The oversight regulator has set out how it plans to reshape the legal market – but it will need a bigger budget, raised from practising lawyers, to do it.
The Legal Services Board has published a draft strategy to meet a range of targets including lowering unmet legal need, dismantling barriers to diversity and closing gaps in consumer protection.
Other areas coming under the microscope in the coming year will be the scope of regulation, the importance of legal expenses insurance, and legal support for small business and vulnerable people.
Such lofty ambitions reflect the challenges outlined in a ‘state of legal services’ report last year and are part of renewed efforts to ‘galvanise’ the entire sector.
Dr Helen Phillips, chair of the LSB, said: ‘By collaborating, we can ensure that citizens who need legal help can easily compare services and choose a provider that meets their needs and suits their budget.
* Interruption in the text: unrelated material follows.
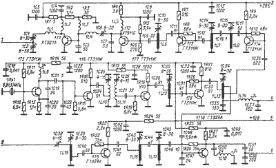 Возвратимся к принципиальной схеме. С выхода полосового фильтра сигнал поступает на последний умножитель. Умножитель собран на транзисторе 1Т7 по схеме с общим эмиттером и не имеет каких-либо особенностей. В качестве колебательной системы применен четвертьволновый резонатор, укороченный емкостью Далее сигнал усиливается транзистором 1Т8 до амплитуды, необходимой для нормальной работы смесителей приемного и передающего трактов. Выходная частота гетеродина 123 МГц.

We can create a more diverse legal services sector that is trusted by everyone and build a market that supports innovation and commands public confidence. Together, we can reshape legal services to better meet the needs of society.’
Meeting the challenges identified would require additional resources, the LSB said. The budget for 2021/22 will increase by 4.4% to £4.1m, to be met through a statutory levy on approved regulators. This effectively means every qualified lawyer will pay an extra £1 in their practising certificate fees.
Phillips added: ‘We recognise that Covid-19 has increased financial pressures on some parts of the sector, and we thought very hard when producing our draft budget. We believe that we need to support this jurisdiction to maintain its international standing when the pandemic is over.’
Next year’s work includes looking into whether there should be a review of reserved activities that can be carried out only by a qualified lawyer. The LSB concedes that the government is not planning any major reform of the Legal Services Act and its initial view is that arguments against a review ‘outweigh the benefits’.
Law Society of England and Wales president David Greene today welcomed the consultation and said the organisation would ask members about the proposed strategy and to what extent the outlined measures will aid sector recovery post Covid-19.
Greene added: 'The regulatory regime can’t fix all of the challenges facing the sector. Access to legal aid and justice is disappearing in large parts of England and Wales, creating legal aid deserts. Help for people that the government agrees should be available is simply not there.'
The LSB’s strategy is out to consultation until 5 February.